Monitoring - Unmute

Overview

Unmute includes comprehensive monitoring capabilities using Prometheus for metrics collection and Grafana for visualization. The monitoring stack tracks latency, throughput, error rates, and resource utilization across all services.

Architecture

Prometheus scrapes metrics from all services and stores time-series data. Grafana queries Prometheus to display real-time dashboards.

Metrics Collection

Available Metrics

Unmute exposes metrics via the Prometheus client library (defined in unmute/metrics.py):

Session Metrics

SESSIONS = Counter("worker_sessions", "")  # Total sessions
ACTIVE_SESSIONS = Gauge("worker_active_sessions", "")  # Current connections
SESSION_DURATION = Histogram("worker_session_duration", "")

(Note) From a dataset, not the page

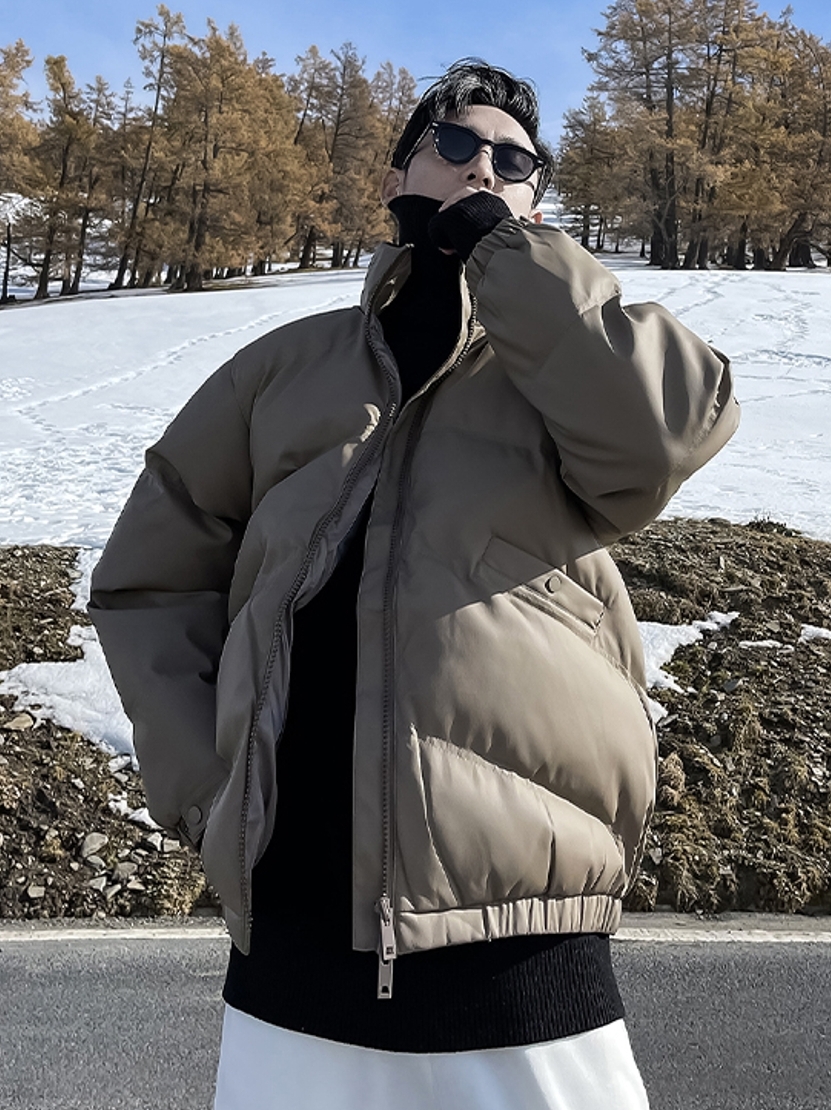这款纯色的短款面包服,整体呈现萌萌的蓬松感,防风立领包裹住脖子暖意十足,短款的版型设计凸显腿部线条,穿出纤瘦大长腿即视感,尽显小心机。
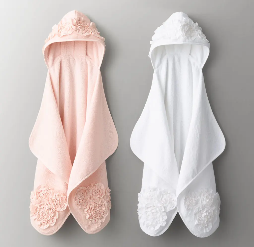 A sweetly sophisticated choice for the bath, this texture-rich composition of gathers and blooms combines ruching and appliqués on lush Turkish terry.

STT (Speech-to-Text) Metrics

STT_SESSIONS = Counter("worker_stt_sessions", "")
STT_ACTIVE_SESSIONS = Gauge("worker_stt_active_sessions", "")
STT_TTFT = Histogram("worker_stt_ttft", "")  # Time-to-first-token
STT_PING_TIME = Histogram("worker_stt_ping_time", "")
STT_RECV_WORDS = Counter("worker_stt_recv_words", "")
STT_MISSES = Counter("worker_stt_misses", "")  # Connection failures

TTS (Text-to-Speech) Metrics

TTS_SESSIONS = Counter("worker_tts_sessions", "")
TTS_ACTIVE_SESSIONS = Gauge("worker_tts_active_sessions", "")
TTS_TTFT = Histogram("worker_tts_ttft", "")  # Time-to-first-audio
TTS_INTERRUPT = Counter("worker_tts_interrupt", "")  # User interruptions
TTS_AUDIO_DURATION = Histogram("worker_tts_audio_duration", "")
TTS_GEN_DURATION = Histogram("worker_tts_gen_duration", "")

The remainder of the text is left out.